▶ **Problem requirements**: Omit each picture as you copy the entries exactly.

(Excerpts from a dataset)
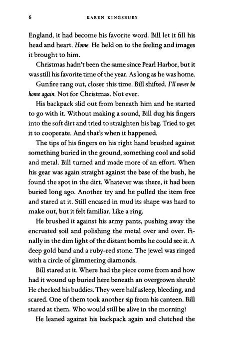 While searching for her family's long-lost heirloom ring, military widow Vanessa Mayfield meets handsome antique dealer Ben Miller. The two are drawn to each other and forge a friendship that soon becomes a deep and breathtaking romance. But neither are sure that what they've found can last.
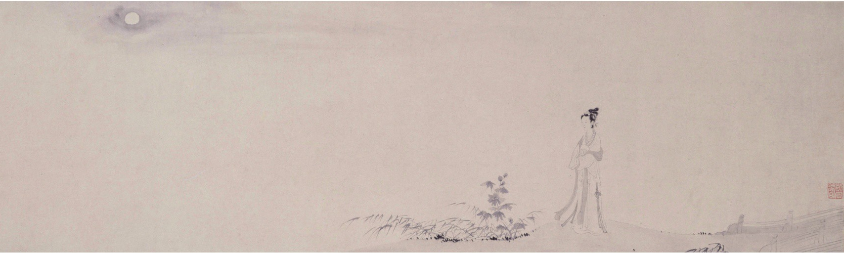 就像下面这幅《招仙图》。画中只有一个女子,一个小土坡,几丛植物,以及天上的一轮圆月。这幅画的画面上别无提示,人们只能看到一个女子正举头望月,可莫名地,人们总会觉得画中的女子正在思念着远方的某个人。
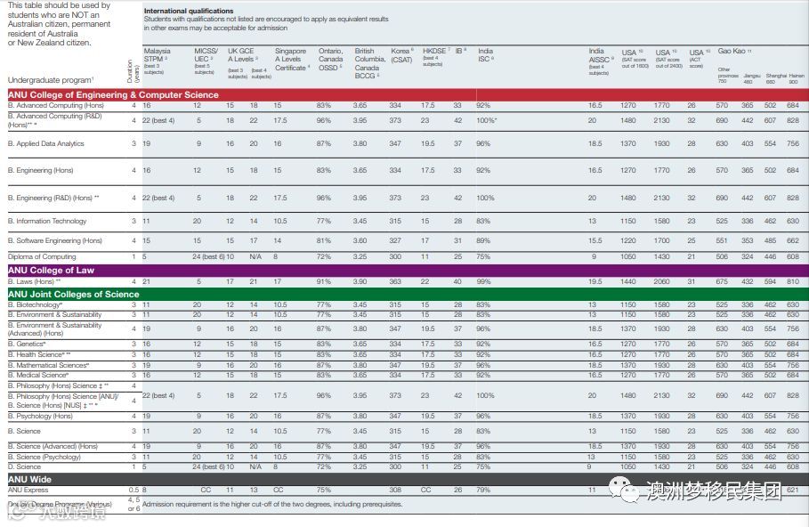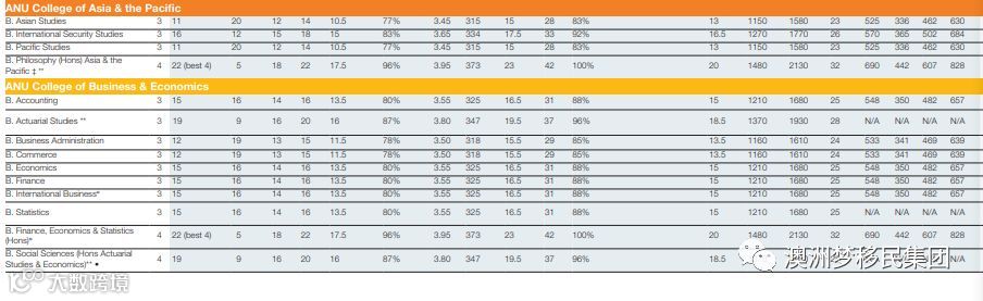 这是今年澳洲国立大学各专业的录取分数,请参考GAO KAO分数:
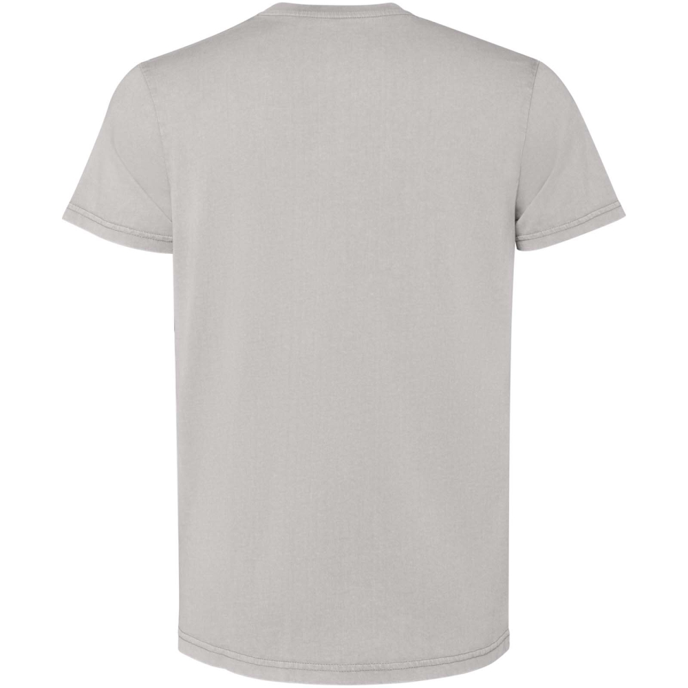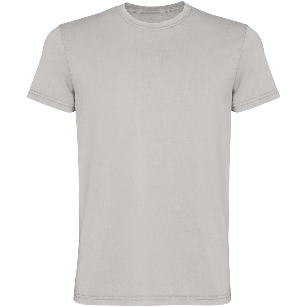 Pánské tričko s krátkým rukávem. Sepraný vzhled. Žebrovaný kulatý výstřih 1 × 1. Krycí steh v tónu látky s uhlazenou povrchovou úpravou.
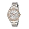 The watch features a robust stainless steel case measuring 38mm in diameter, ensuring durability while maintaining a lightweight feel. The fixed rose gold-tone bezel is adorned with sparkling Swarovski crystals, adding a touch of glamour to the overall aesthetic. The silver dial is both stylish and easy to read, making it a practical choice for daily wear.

▶ **Answer to the problem**:
 While searching for her family's long-lost heirloom ring, military widow Vanessa Mayfield meets handsome antique dealer Ben Miller. The two are drawn to each other and forge a friendship that soon becomes a deep and breathtaking romance. But neither are sure that what they've found can last.
 就像下面这幅《招仙图》。画中只有一个女子,一个小土坡,几丛植物,以及天上的一轮圆月。这幅画的画面上别无提示,人们只能看到一个女子正举头望月,可莫名地,人们总会觉得画中的女子正在思念着远方的某个人。
 这是今年澳洲国立大学各专业的录取分数,请参考GAO KAO分数:
 Pánské tričko s krátkým rukávem. Sepraný vzhled. Žebrovaný kulatý výstřih 1 × 1. Krycí steh v tónu látky s uhlazenou povrchovou úpravou.
 The watch features a robust stainless steel case measuring 38mm in diameter, ensuring durability while maintaining a lightweight feel. The fixed rose gold-tone bezel is adorned with sparkling Swarovski crystals, adding a touch of glamour to the overall aesthetic. The silver dial is both stylish and easy to read, making it a practical choice for daily wear.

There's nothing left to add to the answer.